The efforts by director of public prosecutions Sarah McNaughton and Attorney-General Christian Porter to hide their prosecution of Witness K and Bernard Collaery from public scrutiny have sunk to new lows, with a last-minute attempt by the government to impose a super injunction-style gag on a hearing to determine how claims of national security secrecy should be handled in the trial.
After weeks of negotiations between K and Collaery’s legal teams and the Crown over how national security-related issues would be addressed, the DPP sprung a last-minute surprise on Tuesday night, just hours before the matter returned to the ACT Magistrate’s Court. The defence teams were informed that a full week before, prosecutors had given a brief as to the existence of national security information to Attorney-General Christian Porter.
This opens the way for Porter to issue a non-disclosure certificate which will trigger a secret hearing under section 29 of the National Security Information Act 2004 that could result in the entire trial being held in secret. The defence teams want those issues to be heard in open court under a separate section of the act.
The secret hearing would even prevent Bernard Collaery’s lawyers from attending, given they don’t have the kind of security clearance such a hearing would require.
The government has used the national security issue as an excuse not to provide a brief of evidence against K and Collaery. The lack of a brief means the defendants can’t even advise their legal teams given restrictions on sharing national security information. Collaery was unable to instruct him, barrister Chris Ward told the court: “The moment he speaks he breaches the Intelligence Services Act. This is seriously hampering our work.”
Ward also criticised the “deliberately late” s.29 advice by the Crown.
Crucial to the national security issue is exactly what information the Crown doesn’t want disclosed, given the key fact — that then-foreign minister Alexander Downer instructed ASIS to illegally bug the Timor-Leste cabinet, taking resources away from the fight against terrorism in Indonesia — is a matter of public record.

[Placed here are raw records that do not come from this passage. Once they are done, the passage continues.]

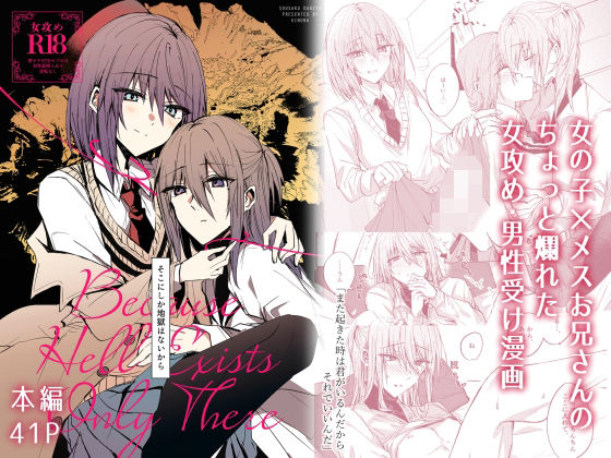 体が繋がってても、結局、触れ合えないね。 幼少期に家族からの愛を知らずに育った柳月。 一見明るく振る舞うも、誰にも話せない過去と心に孤独を抱える環。 幼少期に傷ついた過去を持つ二人が付き合い、同棲の前準備を行い始めるが、 とある日、柳月は環が見知らぬ男性に●●される悪夢を見て……。 な導入ですが実態は8割くらいすけべシーンな創作男女の男性受け/女攻め成人向け漫画本です。 成人男性のメスお兄さんが年下の女の子に絶対勝てない完全女性上位のすけべが読みたすぎて自分で作りました。 脳内本編の続編を本にする変則的な形になっていますが、 メンタルよわよわメスお兄さんと色々事情がありそうな年下の女の子がイチャラブすけべしてるだけなので、 難しいことは考えず読めると…思います!(脳内本編は今後同人漫画として制作して頒布・配信予定です) 本作には以下の描写があります。 ・女攻め、逆転なし、夢オチNTRモブによる男性器挿入のみ有り(お兄さんは女の子に挿入しません) ・女の子が装着するペニスバンドによるメスお兄さんへの挿入、逆アナル ・女→男、男→女(口に含むのはペニスバンド)のフェラ ・女の子→お兄さんへのアナル指入れ ・女装 総ページ46P、本文41P、おまけの電子ペーパーなど付属(ささやかです)。 ▽長めのサンプル(pixiv)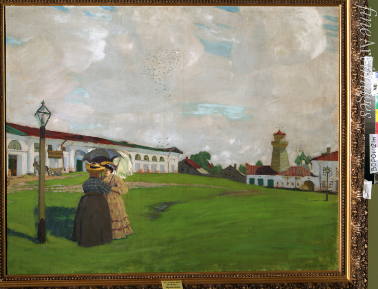 Dekorativ, Stadtbild, Straße, Dame, Frau, Häuser, Russland, Kirche, Platz, Spaziergang, Strassenszene, Alltag, Genreszene, Folklore, Brauchtum, Provinz, Regenguss, Regenschirm, Marktfrau, Stadtszene, Kaufmannsfrau, Schirm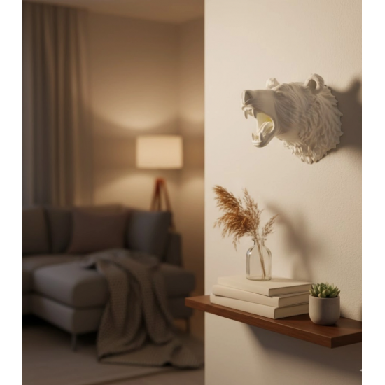 Beyaz 3D ayı başı duvar heykeli, dekorasyonuna modern, etkileyici ve güçlü bir dokunuş eklemek isteyenler için özel olarak tasarlanmış bir üründür. 25x19 cm ölçülerindeki bu dekoratif figür, beyaz renginin sadeliği ve şıklığı ile hem modern hem de minimal dekorasyon tarzlarına mükemmel uyum sağlar. Ürünün detaylı yüz hatları dikkat çekici bir gerçekçilik sunarken, 3 boyutlu kabartı yapısı duvarda güçlü bir gölge etkisi oluşturur.Hafif ve sağlam yapısı sayesinde kolayca duvara monte edilebilir. Odanın odak noktası olması için tek başına kullanılabileceği gibi, galeriler, çalışma odaları, genç odaları, ofisler veya tasarım ağırlıklı ortamlar için de harika bir tamamlayıcıdır. Ayı figürü; güç, cesaret ve koruyucu enerji ile ilişkilendirildiği için manevi anlamda bir sembol arayan kullanıcıların da ilk tercihleri arasında yer alır.Estetik tasarımı sayesinde fotoğraf çekimleri, video çekim alanları, stüdyo dekorasyonları veya mağaza vitrinlerinde de çok şık bir görünüm sağlar. Beyaz rengi, her renkteki duvar ile uyumlu olduğu için dekorasyon seçeneklerini genişletir.Ayrıca özel günler için benzersiz bir hediye seçeneğidir. Şık, farklı ve anlamı olan dekoratif objeler sevenler için ideal bir alternatiftir.

“The information the Commonwealth claims is likely to prejudice national security is already in the public domain and therefore cannot prejudice national security if discussed in open court,” Ward noted. K’s barrister Hayden Carmichael has indicated K’s only concern is that his identity remain secret.
Both defence teams have argued that the issues can be fully resolved at a three-day hearing in February, however prosecutors — extraordinarily — claimed this was insufficient time.
“This is the Commonwealth of Australia. It’s their prosecution. They’ve got the resources,” Ward shot back.
The timing will be decided at another hearing tomorrow. But it seems that the government has an agenda to drag the trial out for as long as possible — perhaps hoping the media will lose interest. Certainly it will have a major impact on Collaery, who is not taking any significant legal work at his Canberra practice until the matter is resolved.
All part of the harassment to which he and K have been subject for five years under both sides of politics.